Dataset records

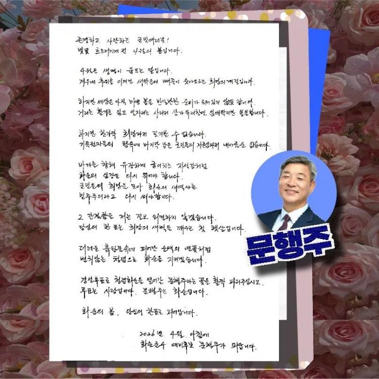 ¹®ÇàÁÖ ¡°ÇÑ Ç¥°¡ ȼøÀÇ º½ ¿¬´Ù¡±⋯ ¡®Ã»·Å¡¤Èñ¸Á¡¯ ÁöÁö È£¼Ò
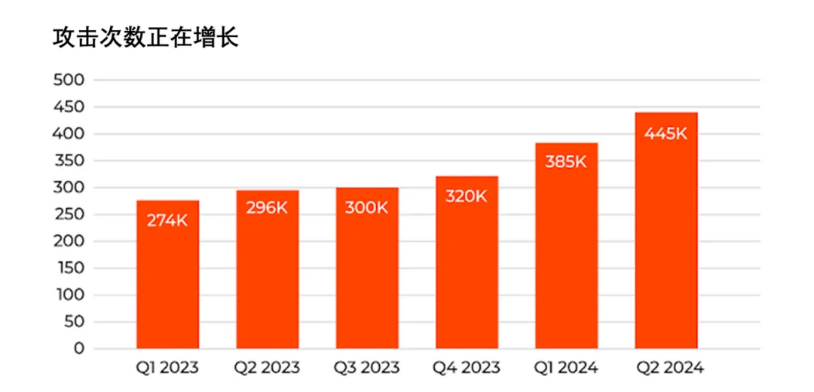 CCF计算机安全专委会曾发文表示,2024年上半年的DDoS攻击次数与去年同期相比增加了46%,2024年第二季度达到445K次。与前六个月(2023年第三至第四季度)的数据相比,增加了34%。
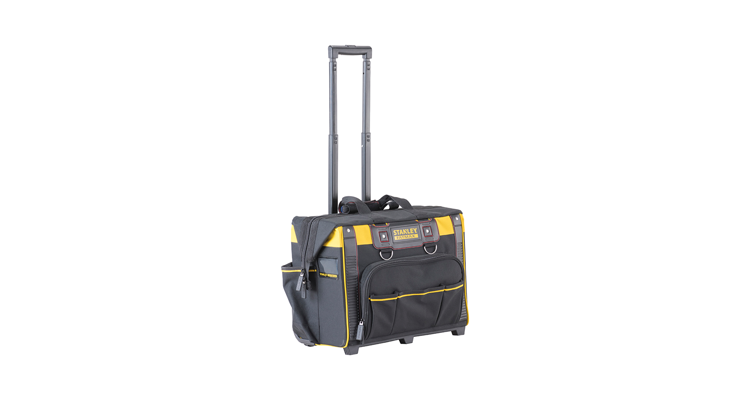 Stanley FatMax® verktygsväska FMST1-80148 har kullagrade kraftiga gummihjul och teleskophandtag för snabb och smidig transport utan ansträngning och tunga lyft. Tillverkad i stark och tålig rivsäker 600D tyg i ballistisk nylon med kraftig, formsprutad polypropylenram som gör väskan robust och tålig med snabb åtkomlighet tack vare en stor öppning och bra fack. Laptop väska kan sättas fast på handtaget (art.nr 3880149). Formgjutna fötter på undersidan som skyddar mot fukt och väta. Beslag i metall och förstärkt handtag och justerbar axelrem medföljer. Flera fickor och fack både in och utvändigt ger en bra överblick och ordning på verktygen. En framficka med dragkedja tillsammans med en stor öppen ficka på framsidan ger lätt åtkomlighet. Mindre fack på insidan för säker förvaring av smådelar eller personliga tillhörigheter. Tack vare dragkedjan kombineras fördelarna med väska och verktygslåda och ger ett effektivt väderskydd för dina el- och handverktyg. Mått: L: 58 cm B: 36 cm D: 41 cm
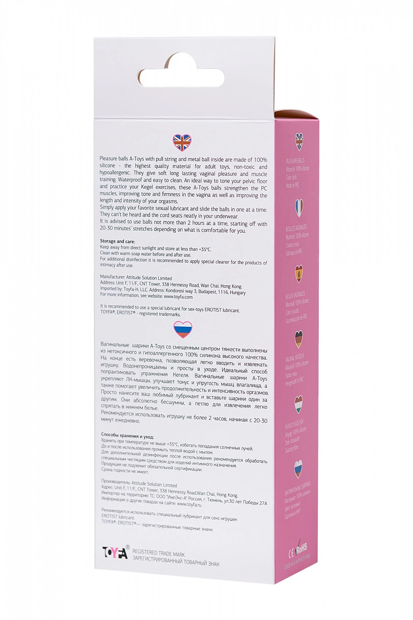 Вагинальные шарики A-Toys со смещенным центром тяжести выполнены из нетоксичного и гипоаллергенного 100% силикона высокого качества. На конце есть веревочка, позволяющая легко вводить и извлекать игрушку. Водонепроницаемы и просты в уходе. Идеальный способ попрактиковать упражнения Кегеля. Вагинальные шарики А-Toys укрепляют ЛК-мышцы, улучшают тонус и упругость мышц влагалища, а также помогают увеличить продолжительность и интенсивность оргазмов. Просто нанесите ваш любимый лубрикант и вставьте шарики один за другим. Они абсолютно бесшумны, а петлю для извлечения легко спрятать в нижнем белье. Рекомендуется использовать игрушку не более 2 часов, начиная с 20-30 минут ежедневно. Размер: длина 17 см, диаметр 3,1 см. Для более комфортного использования рекомендуем приобрести специальный гель для вумбилдинга (фитнеса интимных мышц) Intim Fitness для женщин 50 гр и очищающий спрей Clear Toy 100 мл.
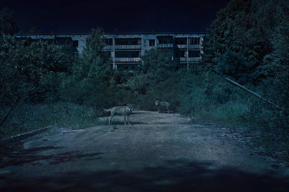 In de meeste gevallen is de getoonde invloed van de mens rampzalig. Zeker, er zijn de ongelofelijke natuuropnames uit Tsjernobyl van Adam Orzechowski. Toen na de kernramp een gebied van vele honderden vierkante kilometer werd afgesloten, was dit dé kans voor de natuur. Die hernam zich spectaculair. Duizenden bevers zorgden er in korte tijd voor dat het strakke landbouwgebied met zijn afwateringskanalen terugkeerde naar zijn ‘oerstaat’: moeras. De beverpopulatie wordt in toom gehouden door wolven, die er in precies dezelfde aantallen voorkomen als in de meest ideale schone gebieden. Ook andere dieren die zich bovenin de voedselketen bevinden (en waar je zou verwachten dat radio-actieve rommel zich het meest ophoopt) zoals valken en arenden gedijen. De beelden van Orzechowski doen aan Twelve Monkeys denken, de film waarin een groot deel van de mensheid aan een dodelijk virus ten onder gaat. De shots met de overlevende have uit de dierentuin, die vrij rondloopt in Philadelphia zijn van een surreële schoonheid. Bij Orzechowski rennen de wolven door de overwoekerde straten van Pripyat -ooit een stad met 50.000 inwoners. Dat maakt de foto’s van hem zo wrang: de natuur krijgt pas echt een kans nadat de mens het zichzelf onmogelijk heeft gemaakt. En bij al dat nieuwe leven, denk ik toch ook aan de 400.000 mensen die uit het gebied verdreven werden.
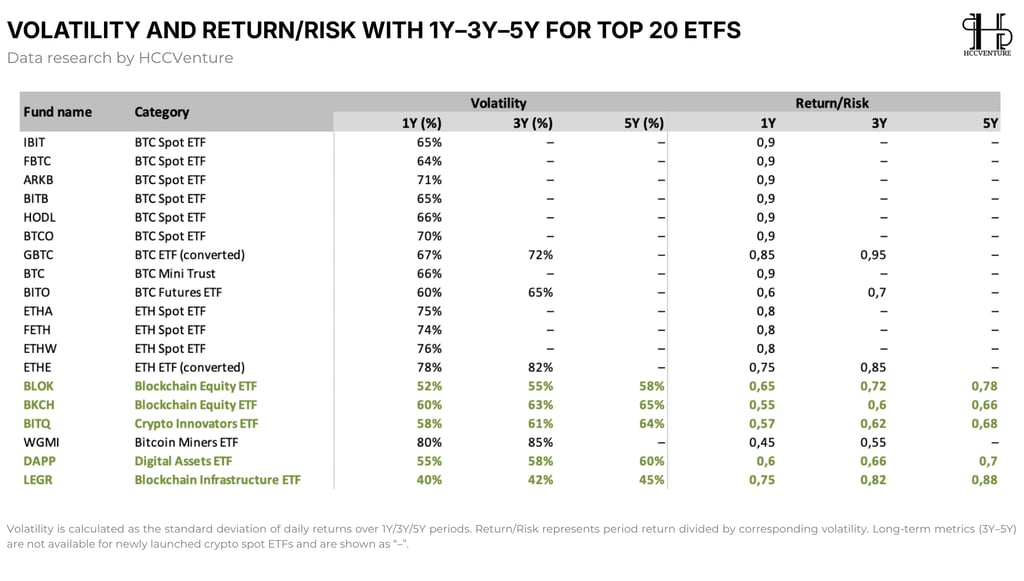 The Blockchain Equity ETF and Infrastructure ETF group (BLOK, BITQ, DAPP, LEGR) shows a completely different risk-reward profile. The volatility of this group is significantly lower (40–60%), while the return/risk ratio gradually improves over time , even reaching 0.88 in LEGR over the 5-year timeframe .

## EXERCISE OBJECTIVE
Every entry must be written out exactly, with all pictures left out.

## SOLUTION TO THE PROBLEM
 ¹®ÇàÁÖ ¡°ÇÑ Ç¥°¡ ȼøÀÇ º½ ¿¬´Ù¡±⋯ ¡®Ã»·Å¡¤Èñ¸Á¡¯ ÁöÁö È£¼Ò
 CCF计算机安全专委会曾发文表示,2024年上半年的DDoS攻击次数与去年同期相比增加了46%,2024年第二季度达到445K次。与前六个月(2023年第三至第四季度)的数据相比,增加了34%。
 Stanley FatMax® verktygsväska FMST1-80148 har kullagrade kraftiga gummihjul och teleskophandtag för snabb och smidig transport utan ansträngning och tunga lyft. Tillverkad i stark och tålig rivsäker 600D tyg i ballistisk nylon med kraftig, formsprutad polypropylenram som gör väskan robust och tålig med snabb åtkomlighet tack vare en stor öppning och bra fack. Laptop väska kan sättas fast på handtaget (art.nr 3880149). Formgjutna fötter på undersidan som skyddar mot fukt och väta. Beslag i metall och förstärkt handtag och justerbar axelrem medföljer. Flera fickor och fack både in och utvändigt ger en bra överblick och ordning på verktygen. En framficka med dragkedja tillsammans med en stor öppen ficka på framsidan ger lätt åtkomlighet. Mindre fack på insidan för säker förvaring av smådelar eller personliga tillhörigheter. Tack vare dragkedjan kombineras fördelarna med väska och verktygslåda och ger ett effektivt väderskydd för dina el- och handverktyg. Mått: L: 58 cm B: 36 cm D: 41 cm
 Вагинальные шарики A-Toys со смещенным центром тяжести выполнены из нетоксичного и гипоаллергенного 100% силикона высокого качества. На конце есть веревочка, позволяющая легко вводить и извлекать игрушку. Водонепроницаемы и просты в уходе. Идеальный способ попрактиковать упражнения Кегеля. Вагинальные шарики А-Toys укрепляют ЛК-мышцы, улучшают тонус и упругость мышц влагалища, а также помогают увеличить продолжительность и интенсивность оргазмов. Просто нанесите ваш любимый лубрикант и вставьте шарики один за другим. Они абсолютно бесшумны, а петлю для извлечения легко спрятать в нижнем белье. Рекомендуется использовать игрушку не более 2 часов, начиная с 20-30 минут ежедневно. Размер: длина 17 см, диаметр 3,1 см. Для более комфортного использования рекомендуем приобрести специальный гель для вумбилдинга (фитнеса интимных мышц) Intim Fitness для женщин 50 гр и очищающий спрей Clear Toy 100 мл.
 In de meeste gevallen is de getoonde invloed van de mens rampzalig. Zeker, er zijn de ongelofelijke natuuropnames uit Tsjernobyl van Adam Orzechowski. Toen na de kernramp een gebied van vele honderden vierkante kilometer werd afgesloten, was dit dé kans voor de natuur. Die hernam zich spectaculair. Duizenden bevers zorgden er in korte tijd voor dat het strakke landbouwgebied met zijn afwateringskanalen terugkeerde naar zijn ‘oerstaat’: moeras. De beverpopulatie wordt in toom gehouden door wolven, die er in precies dezelfde aantallen voorkomen als in de meest ideale schone gebieden. Ook andere dieren die zich bovenin de voedselketen bevinden (en waar je zou verwachten dat radio-actieve rommel zich het meest ophoopt) zoals valken en arenden gedijen. De beelden van Orzechowski doen aan Twelve Monkeys denken, de film waarin een groot deel van de mensheid aan een dodelijk virus ten onder gaat. De shots met de overlevende have uit de dierentuin, die vrij rondloopt in Philadelphia zijn van een surreële schoonheid. Bij Orzechowski rennen de wolven door de overwoekerde straten van Pripyat -ooit een stad met 50.000 inwoners. Dat maakt de foto’s van hem zo wrang: de natuur krijgt pas echt een kans nadat de mens het zichzelf onmogelijk heeft gemaakt. En bij al dat nieuwe leven, denk ik toch ook aan de 400.000 mensen die uit het gebied verdreven werden.
 The Blockchain Equity ETF and Infrastructure ETF group (BLOK, BITQ, DAPP, LEGR) shows a completely different risk-reward profile. The volatility of this group is significantly lower (40–60%), while the return/risk ratio gradually improves over time , even reaching 0.88 in LEGR over the 5-year timeframe .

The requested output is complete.